This week’s web-survey of business leaders and CEOs explored the issue of rising premiums for automobile insurance.
Automobile insurance rates have become 2003’s sleeper election issue, with many provincial elections focussed on what can be done to reduce premiums. Some Governments have sought to mitigate the issue by introducing public insurance programs. Other Governments are shying away from such drastic measures and looking to regulation.
Rising costs for car insurance were seen as one factor which led the Tories in New Brunswick to lose seats, and the issue is expected to become a prominent topic of debate for Nova Scotia’s upcoming election. With an Ontario provincial election anticipated as early as this fall, Ernie Eves introduced a platform this week that contends to help insurance companies reduce costs in the hopes they will use the anticipated savings to reduce rates.

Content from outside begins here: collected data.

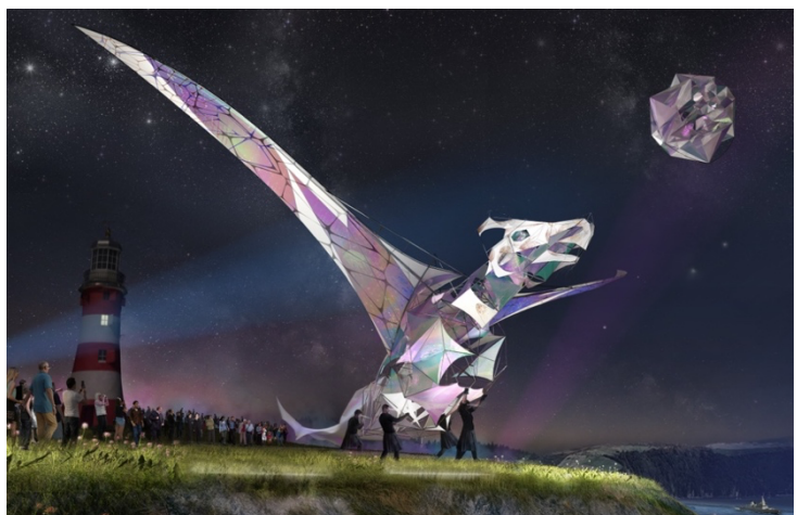
Carl Robertshaw - The Hatchling

Due imperdibili appuntamenti vi aspettano mercoledì 24 aprile , giorno in cui apriranno le mostre dedicate a due degli artisti più attesi di quest'anno. Il primo è il pluripremiato wind artist britannico Carl Robertshaw , che dalle 10.00 alle 17.00 presenterà al pubblico "The Hatchling: how we did it" , il famoso dragone che celebra il matrimonio fra il mondo dell'aquilone e quello del puppetry. A questa spettacolare opera, realizzata dopo la pandemia e per questo divenuta simbolo di rinascita , ARTEVENTO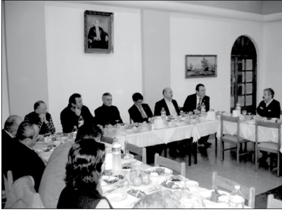
Kastamonu İl Temsilciliği

24 Şubat 2010 tarihinde Kdz. Ereğli İlçe Temsilciliğimizde, 27 Şubat 2010 tarihinde Karabük ve Kastamonu İl Temsilciliklerimizde ve 4 Mart 2010 tarihinde Bartın İl Temsilciliğimizde, üye eğilim belirleme toplantıları yapılarak üyelerimizin sorunları tartışıldı, Temsilcilik Yürütme Kurullarına aday olmak isteyenler belirlendi.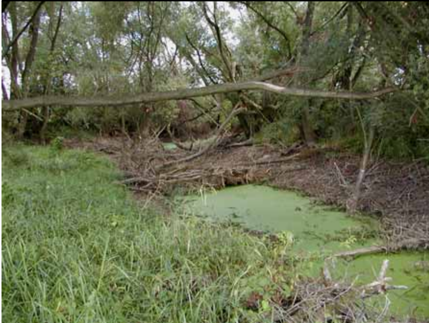
Altarm bei Rheden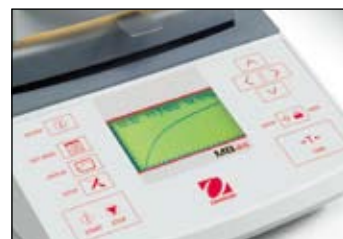
智能化软件，可显示测定过程曲线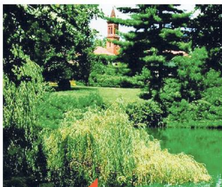
SANTENA E VILLAFRANCA PIEMONTE Il Castello di San Salvà, con il parco storico e le cascate. A destra, il Castello di Marchieru, a Villafranca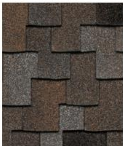
Осенний клен †

Overall, business leaders are somewhat concerned about today’s car insurance premiums. When asked to what extent was their current premium a concern, the mean score among respondents was 4.6 on a seven point scale. There is moderate support for Government to help insurance companies reduce costs by regulations that would seek to reduce fraud. Business leaders oppose insurance companies having a role in determining when a person who has been in a car accident has received enough medical treatment in order to reduce fraud.
These are the key findings from the COMPAS/Financial Post business leader survey conducted under the sponsorship of the Canadian Chamber of Commerce.